To make the build process efficient for scenarios where dependencies and environment change less frequently
than code or tests, we layer in dependencies and environment as early as possible to allow caching. As a prequisite
to running jet steps
, manually build the gomb and dockerbuildprojectdeps images first, e.g.
docker build -t dasmith/gomb -f Dockerfile.gomb docker push dasmith/gomb docker build -t dasmith/dockerbuildprojectdeps -f Dockerfile.projectdeps . docker push dasmith/dockerbuildprojectdeps
The docker files for the prerequisites are in the prereqs directory.
Note that both are available from DockerHub, so you can just do a docker pull
on them if you do not need to
modify them.
With the prerequisite images in place, we run the pipeline via jet steps
. Note that the final push to Dockerhub is
not done in the local build; a push to github triggers the codeship build, which will do the final push if
all the stanges succeed.
Once the Codeship build completes with a push to Dockerhub, the sample can be run thusly. First, start the containers:
docker pull dasmith/quote docker pull dasmith/mb-server-alpine docker run -d -p 2525:2525 --name mountebank --label 'xt-container-type=atest-mb' dasmith/mb-server-alpine docker run -d -p 8080:8080 --name main --link mountebank:mb dasmith/quote:latest
Note on the mac you need to have port forwarding at the virtual box level configured to allow localhost access on ports 2525 and 8080.

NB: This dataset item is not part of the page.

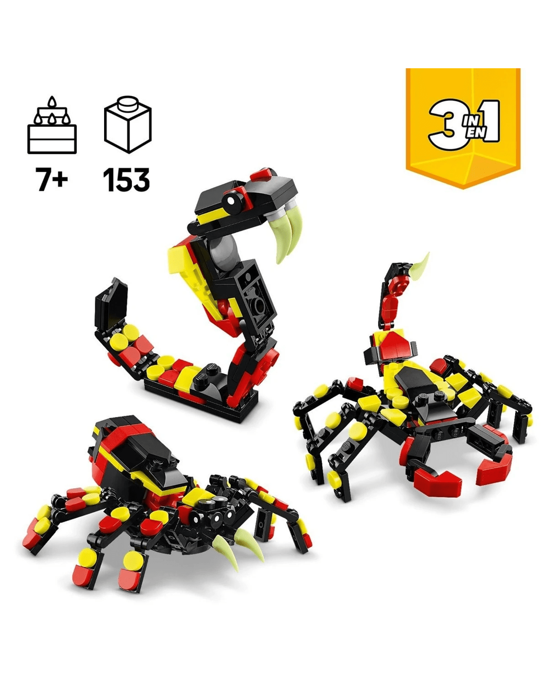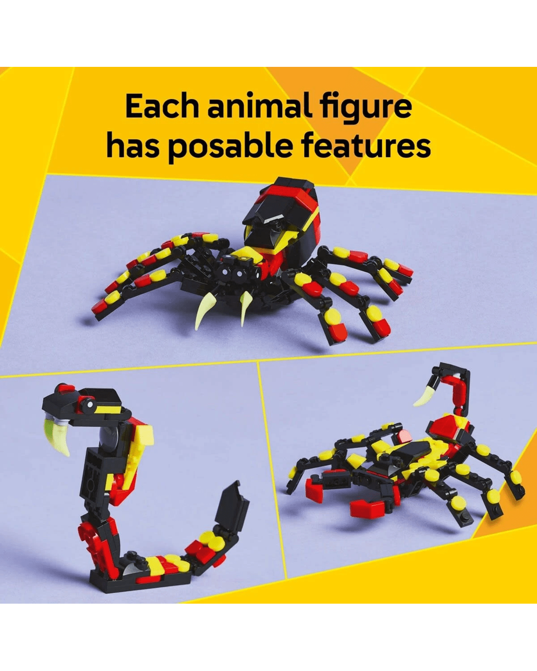 - Endless play options - Kids can role-play stories with 3 different animal models (models cannot be built simultaneously): a spider toy, a scorpion figure or a snake toy

Next, set up the imposter endpoint:
curl -i -X POST -H 'Content-Type: application/json' -d@imposter.json localhost:2525/imposters
Finally, curl for a stock quote (which is fixed, don't panic or call your broker when you see the response)
curl localhost:8080/quote/xxx
A future refinement should seek to run the tests against the image that will be uploaded to docker hub to verify both the application functionality and the packaging of the application.
One thing to note is the use of the GOOS and GOARCH variables in the compile command. When pulling and running the final image on Mac OS X, the binary produced in stage one would not execute, giving a '/bin/sh: main not found' error or something to that effect. Including the two options produced an binary that ran correctly in the Mac OS X docker runtime.